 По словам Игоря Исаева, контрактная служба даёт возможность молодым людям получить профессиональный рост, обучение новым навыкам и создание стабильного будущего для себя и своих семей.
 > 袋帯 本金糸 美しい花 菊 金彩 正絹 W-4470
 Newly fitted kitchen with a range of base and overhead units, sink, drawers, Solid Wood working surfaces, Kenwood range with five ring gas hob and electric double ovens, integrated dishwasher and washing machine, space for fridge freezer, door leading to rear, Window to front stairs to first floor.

══════

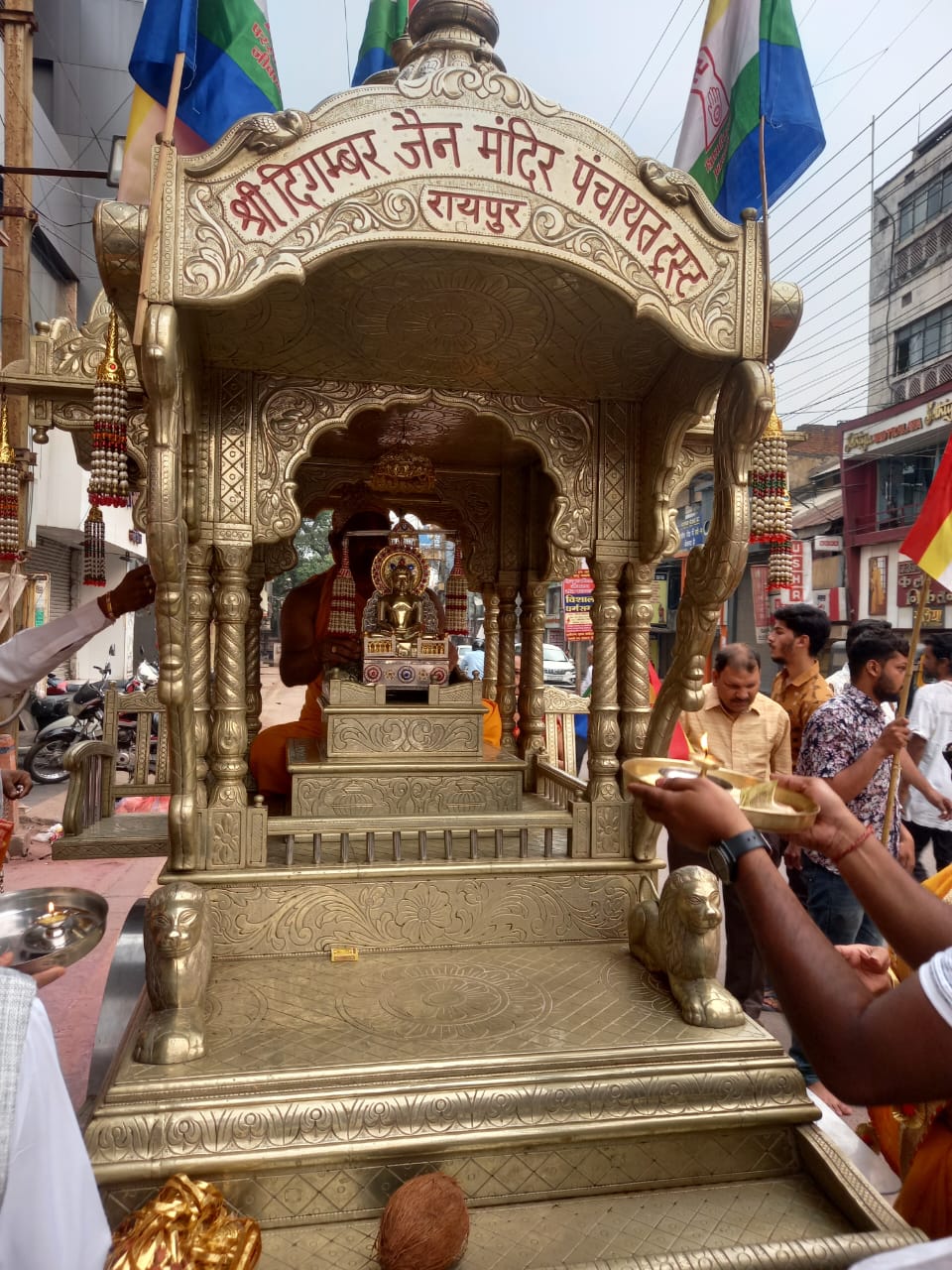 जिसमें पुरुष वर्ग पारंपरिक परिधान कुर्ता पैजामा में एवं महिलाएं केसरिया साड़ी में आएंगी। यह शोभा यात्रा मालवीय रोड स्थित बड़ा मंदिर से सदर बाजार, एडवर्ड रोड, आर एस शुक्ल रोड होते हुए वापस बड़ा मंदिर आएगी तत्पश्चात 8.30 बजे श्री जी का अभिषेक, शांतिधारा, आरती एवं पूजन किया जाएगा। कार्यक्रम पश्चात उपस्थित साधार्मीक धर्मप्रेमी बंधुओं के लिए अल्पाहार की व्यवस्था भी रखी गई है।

══════

Work instructions
Please return the lines above that run from the line containing "По словам Игоря" to the line containing "Newly fitted kitchen", inclusive, exactly and with no other lines.

Completed exercise
 По словам Игоря Исаева, контрактная служба даёт возможность молодым людям получить профессиональный рост, обучение новым навыкам и создание стабильного будущего для себя и своих семей.
 > 袋帯 本金糸 美しい花 菊 金彩 正絹 W-4470
 Newly fitted kitchen with a range of base and overhead units, sink, drawers, Solid Wood working surfaces, Kenwood range with five ring gas hob and electric double ovens, integrated dishwasher and washing machine, space for fridge freezer, door leading to rear, Window to front stairs to first floor.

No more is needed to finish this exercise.